The tableau is verified by checking whether the bottom row has only non-positive coefficients for decision variables.In this exercise, the tableau immediately indicated optimality. With non-positive coefficients across the bottom row, the current basic feasible solution is confirmed optimal:
  • x = 0, y = 8, z = 0
The optimal vertex along the feasible region of the solution space has been found using simplex iterations.
Optimization
Optimization involves finding the best solution from all feasible solutions. In linear programming, optimization implies either maximizing or minimizing a given objective function within certain constraints.
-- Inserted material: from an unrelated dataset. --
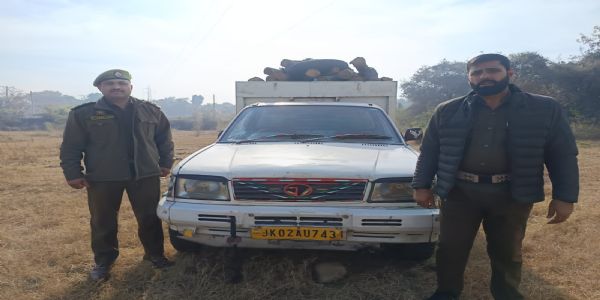 जम्मू पुलिस ने घरोटा क्षेत्र में अवैध खैर की लकड़ी की तस्करी में शामिल टाटा मोबाइल किया जब्त

There is a constant effort to effectively allocate limited resources represented typically through constraints. For this exercise, the optimized solution for the primal problem is achieved when:
  • The cost function \( C = 6x + 8y + 4z \) reaches minimum value.
  • The Minimal achieved with \( x = 0, y = 8, z = 0 \).
  • Here, the total minimized cost is \( C = 64 \).
These solutions provide a mathematical sense of unequally distributing resources \((x, y, z)\) to meet the least cost possible under given constraints. Effective optimization means strategic adjustments to  reach an outcome that aligns with the defined goals  within specified limits.